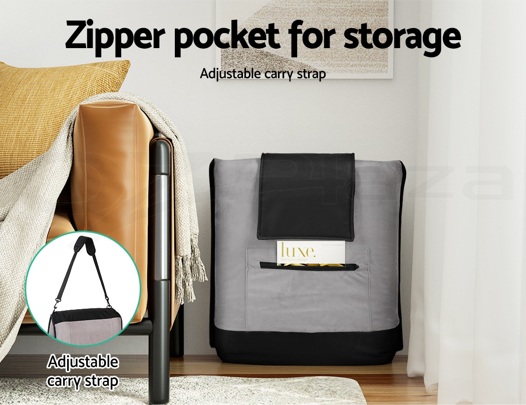 Artiss floor lounge sofa is designed to provide unmatched comfort and versatility. It combines practical features and elements to create a comfortable seating space for relaxation and leisure. The floor lounge is crafted with premium linen and deluxe flocking fabric. It exudes elegance and ensures a soft and cosy feel. And the heavy-duty steel frame guarantees durability and stability. Designed with your comfort in mind, the lounge chair features a headrest cushion that provides excellent head and neck support. And the adjustable backrest offers five different positions, allowing you to effortlessly find your preferred angle for reading, watching movies, or simply reclining. Furthermore, our floor lounge is designed with your convenience in mind. It boasts a foldable design that saves space, and the adjustable carry strap makes it easy to move around or in different rooms. It also has a zippered cover that can be removed for washing and cleaning. For added functionality, it’s equipped with a storage pocket, which provides a space to keep your essentials within reach. Bring home this floor lounge chair to create a relaxing spot to unwind.
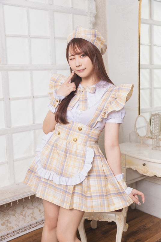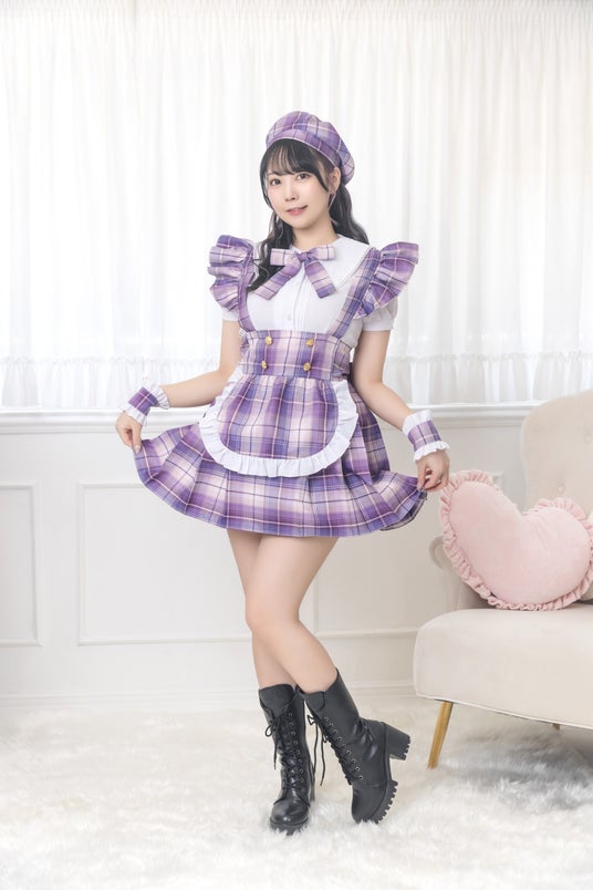 この商品は、アイドルのような爽やかなチェック柄とメイド服には珍しいベレー帽が特徴です。大好評のブルー、ピンク、イエローに続き、新色のミントとパープルがAmazon限定カラーとして追加されました。
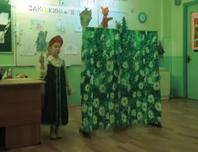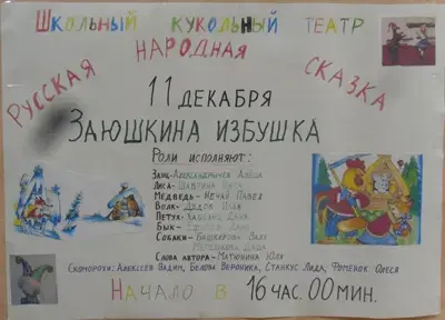 У входа в класс, где проходил спектакль, была вывешена афиша, нарисованная детьми. Всем приглашённым были розданы билеты, изготовленные учениками. На классной доске разместили рисунки детей - иллюстрации к данной сказке. Родители сделали ширму и сшили костюмы.
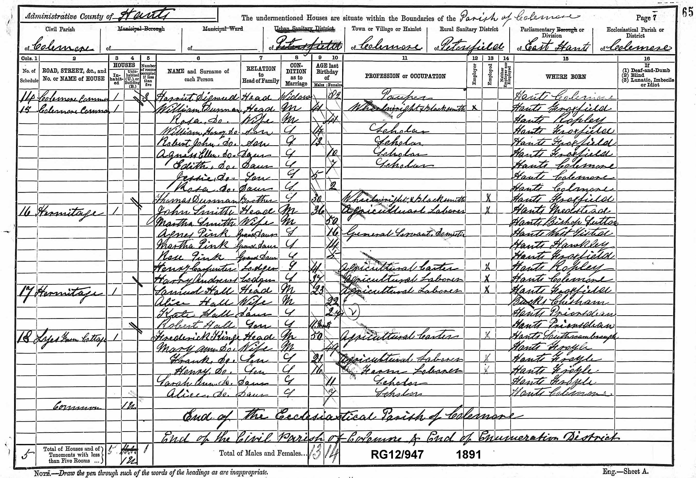 Colemore 1891 Census Returns - Taken on the night of Sunday 3rd April 1881
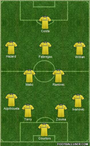 Courtois · Terry · Zouma · Ivanovic · Azpilicueta · Matic · Ramires · Willian · Fabregas · Hazard · Costa
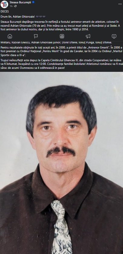 ”Drum lin, Adrian Ghioroaie! Steaua București deplânge trecerea în neființă a fostului antrenor emerit de atletism, colonel în rezervă Adrian Ghioroaie (70 de ani). Prin mâna sa au trecut mari atleți ai României și ai Stelei. A fost antrenor la clubul nostru, dar și la lotul olimpic, între 1990 și 2014.
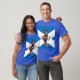 El color es muy bonito al natural, como la foto. El tejido es suave y de buena calidad. Sin defectos en el tintado, ni hilos sueltos o descosidos. Bien la impresión. Los bordes de las letras y el dibujo son nítidos, y el color contrasta muy bien con el de la camiseta.
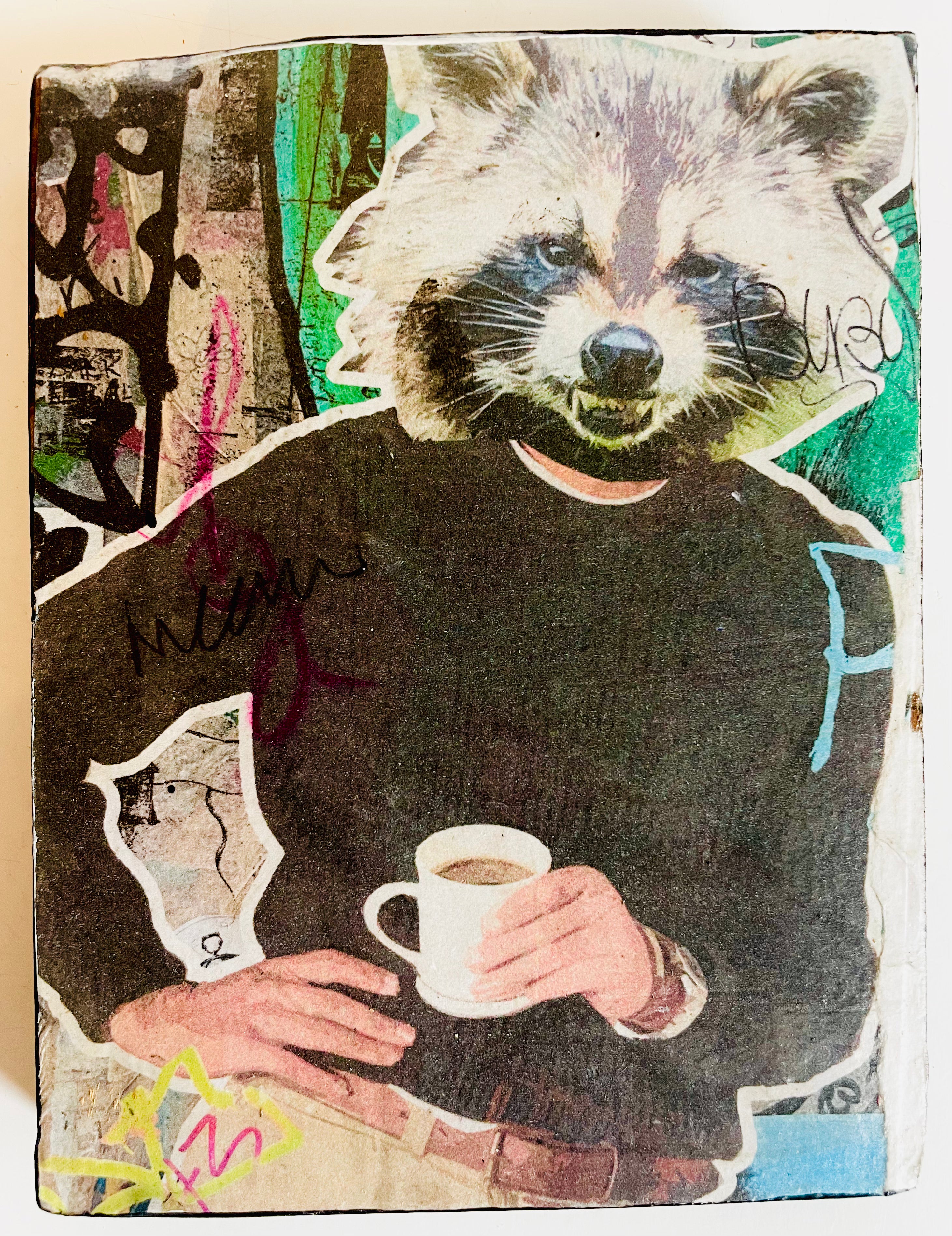 Named after the street art movement—each work of art includes found imagery, personal photography & drawings that are digitally manipulated, collaged and then wheat pasted on repurposed blocks of wood. Each piece is varnished, finished with black painted sides, signed & numbered on back.

TASK: What is needed is an exact copy of the data, with the pictures removed.

ANSWER TO THIS PROBLEM:
 Artiss floor lounge sofa is designed to provide unmatched comfort and versatility. It combines practical features and elements to create a comfortable seating space for relaxation and leisure. The floor lounge is crafted with premium linen and deluxe flocking fabric. It exudes elegance and ensures a soft and cosy feel. And the heavy-duty steel frame guarantees durability and stability. Designed with your comfort in mind, the lounge chair features a headrest cushion that provides excellent head and neck support. And the adjustable backrest offers five different positions, allowing you to effortlessly find your preferred angle for reading, watching movies, or simply reclining. Furthermore, our floor lounge is designed with your convenience in mind. It boasts a foldable design that saves space, and the adjustable carry strap makes it easy to move around or in different rooms. It also has a zippered cover that can be removed for washing and cleaning. For added functionality, it’s equipped with a storage pocket, which provides a space to keep your essentials within reach. Bring home this floor lounge chair to create a relaxing spot to unwind.
 この商品は、アイドルのような爽やかなチェック柄とメイド服には珍しいベレー帽が特徴です。大好評のブルー、ピンク、イエローに続き、新色のミントとパープルがAmazon限定カラーとして追加されました。
 У входа в класс, где проходил спектакль, была вывешена афиша, нарисованная детьми. Всем приглашённым были розданы билеты, изготовленные учениками. На классной доске разместили рисунки детей - иллюстрации к данной сказке. Родители сделали ширму и сшили костюмы.
 Colemore 1891 Census Returns - Taken on the night of Sunday 3rd April 1881
 Courtois · Terry · Zouma · Ivanovic · Azpilicueta · Matic · Ramires · Willian · Fabregas · Hazard · Costa
 ”Drum lin, Adrian Ghioroaie! Steaua București deplânge trecerea în neființă a fostului antrenor emerit de atletism, colonel în rezervă Adrian Ghioroaie (70 de ani). Prin mâna sa au trecut mari atleți ai României și ai Stelei. A fost antrenor la clubul nostru, dar și la lotul olimpic, între 1990 și 2014.
 El color es muy bonito al natural, como la foto. El tejido es suave y de buena calidad. Sin defectos en el tintado, ni hilos sueltos o descosidos. Bien la impresión. Los bordes de las letras y el dibujo son nítidos, y el color contrasta muy bien con el de la camiseta.
 Named after the street art movement—each work of art includes found imagery, personal photography & drawings that are digitally manipulated, collaged and then wheat pasted on repurposed blocks of wood. Each piece is varnished, finished with black painted sides, signed & numbered on back.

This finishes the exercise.